Ponting replied to Gavaskar in the Australian way by saying "We all know the way he played his cricket, don't we?  If he is talking about us, what about the way India have played their cricket over the last few years?"

And now Gavaskar has again stepped up to the challenge by saying "The Aussies could get whacked in a bar just as the late David Hookes was beaten up outside a bar"

Well.......I feel this is getting just too hot b/w the two . Just waiting for Ponting's reply........

Now what do you guys think about this? 
Is Gavaskar really justified in making these comments as we all know that the Aussies are'nt going to keep their mouth shut and they will surely re-attack.


----------



## abhi_10_20 (Mar 14, 2007)

I think its a one sided issue.....
no matter however they(OZ) play....
we Indians and even other countries hate them for their bad behaviour
on field.(forgot the Sharad Pawar issue?)


----------



## gofeddy (Mar 14, 2007)

abhi_10_20 said:
			
		

> I think its a one sided issue.....
> no matter however they(OZ) play....
> we Indians and even other countries hate them for their bad behaviour
> on field.(forgot the Sharad Pawar issue?)

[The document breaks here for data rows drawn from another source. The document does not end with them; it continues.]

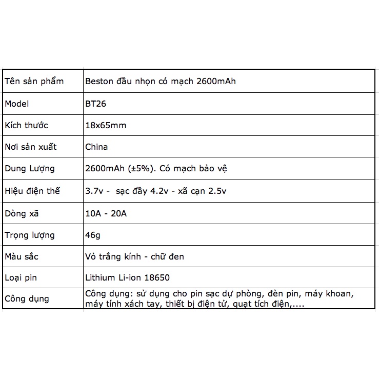 Thiết Bị Điện Gia Dụng > Pin || [P37] Pin sạc 18650 Beston đầu nhọn 2600mah Chính hãng chuyên cho đèn pin, đèn công suất lớn, đèn siêu sángCòn hàng
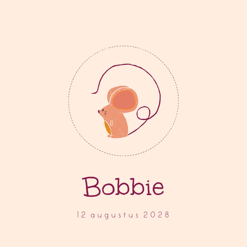 Wat een vrolijk geboortekaartje voor jouw kindje! Het kaartje heeft een oranje streepjes achtergrond. Daarnaast zie je een doorkijkje naar een muisje. Pas het ontwerp naar wens zelf aan.
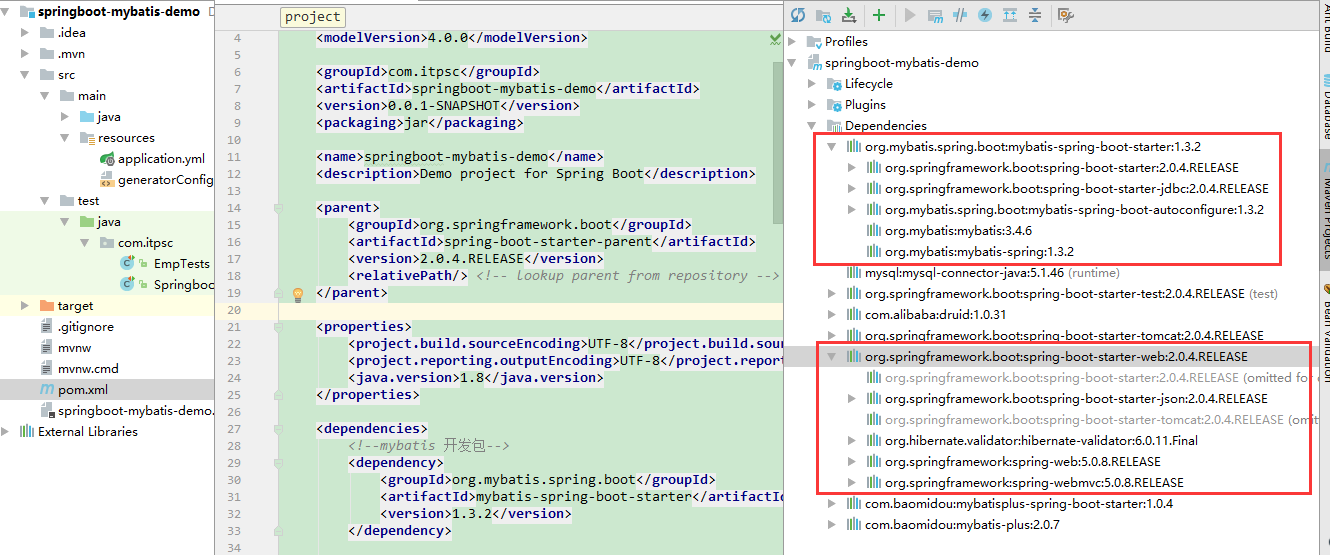 mybatis-spring-boot-starter帮我们引入了dao开发相关的jar包。
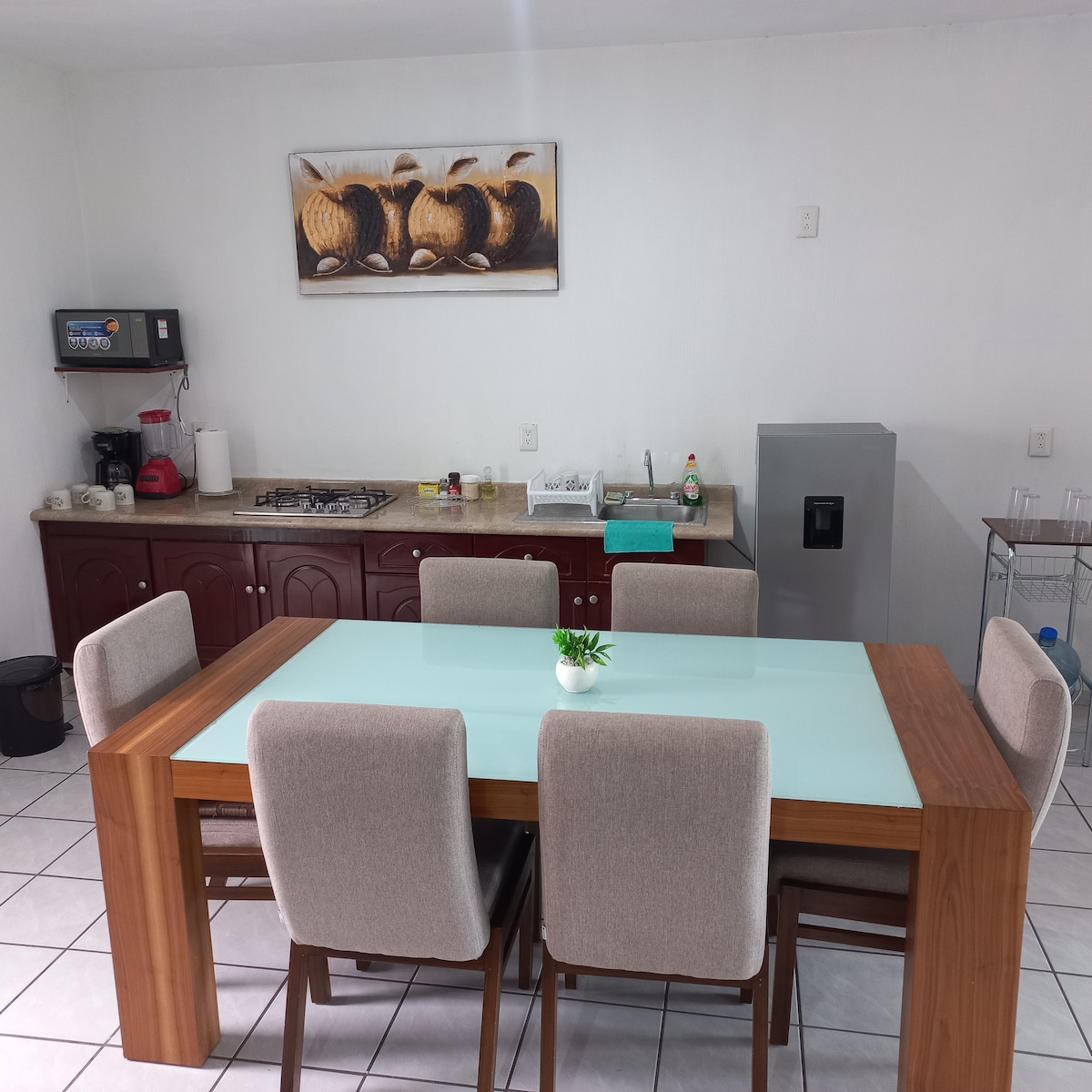 Casita de huespedes. Cuenta con baño privado, cocina, parrilla eléctrica, refrigerador, cama matrimonial, escritorio, closet, 1 cajón de estacionamiento, Wifi, televisión con cable y bocina. Ideal para una pareja que busque hospedarse en un lugar agradable y seguro mientras recorre la bella perla de occidente. También es ideal para estudiantes foráneos, ya que nos encontramos a 7 min de la universidad ITESO, UVM y TEC Milenio. Y excelente para viaje de negocios temporales.
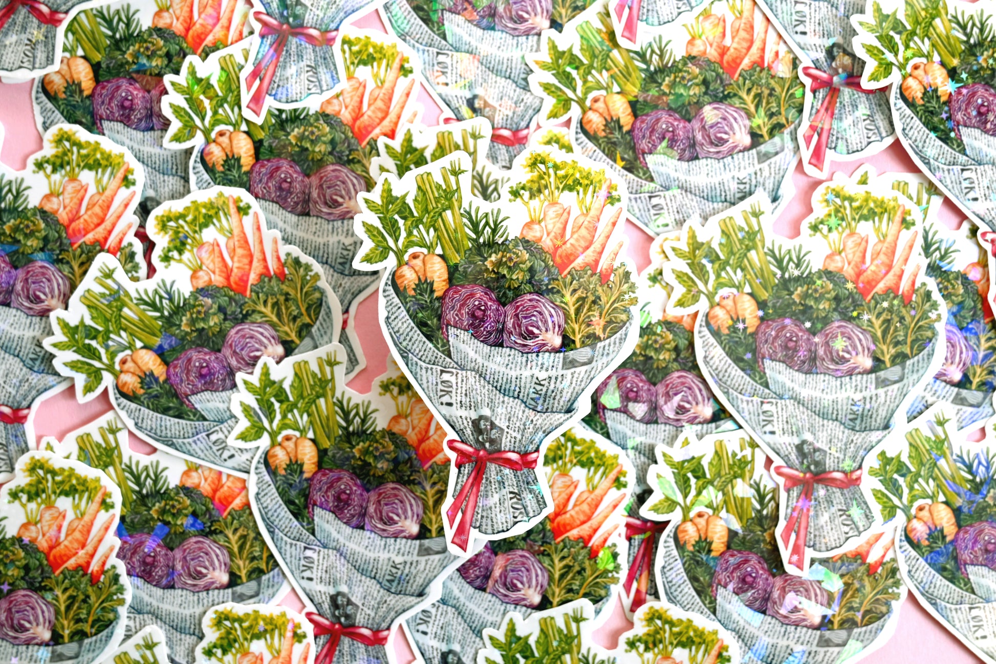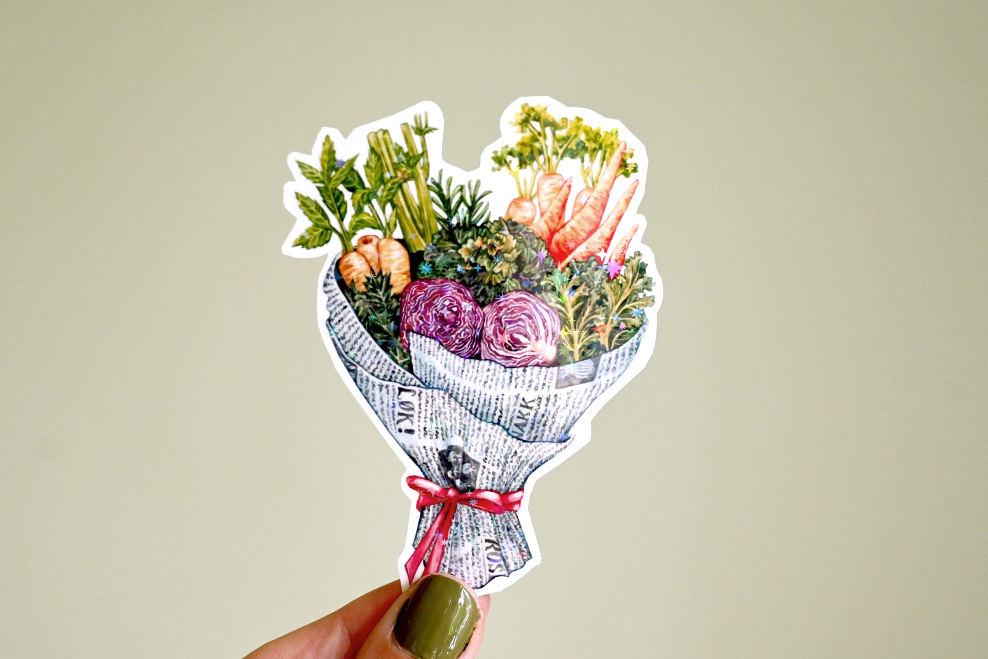 Vegetable Bouquet vinyl sticker printed from one of my watercolour illustrations. The sticker measures approximately 6 x 9 cm. It is printed on tear- and water-resistant vinyl sticker paper, protected with a hollographic film, resulting in a longer lasting, shiny and thick sticker.

Its not one-sided. Both are reacting pretty strongly to each other's comments. But I thought Gavaskar should not have started this. The OZ are always the same. 
Ahhh!!! Sharad Pawar. Man, what was he trying to do standing there on the podium while the Aussies were celebrating their first ICC Champions Trophy. He should have simply got off


----------



## abhi_10_20 (Mar 14, 2007)

no one's reacting......

and also with the World Cup heat on the head.....
even the news channels have forgotten the issue........

c'mon yaar, forget it and cheer up India..............


----------



## sysfilez (Mar 14, 2007)

yes forget the issue and carry on with the matches.


----------



## ambandla (Mar 14, 2007)

i think Gavaskar is trying to hit ponting mentally. Just the same way oz's used to give hilarious comments on teams visiting their country just to create mental stress on the other teams


----------



## uchiha.sasuke (Mar 14, 2007)

yaa ...who care for these arguments......atlast everyone will remember only the results of the world cup....and infield  performances of the teams


----------



## prateek_san (Mar 14, 2007)

well he did the right the thing by attacking ponting straight ........that has really sent alarms to the aussies as ponting reacted on gavasker's comment..


----------



## Stick (Mar 14, 2007)

All I want to say Pointing is not AS MEAN AS Sunil!


----------



## deepak.krishnan (Mar 14, 2007)

Stick said:
			
		

> All I want to say Pointing is not AS MEAN AS Sunil!


If he wasn't MEAN then he should have reacted to Sunil's comment in a neutral way!!!


----------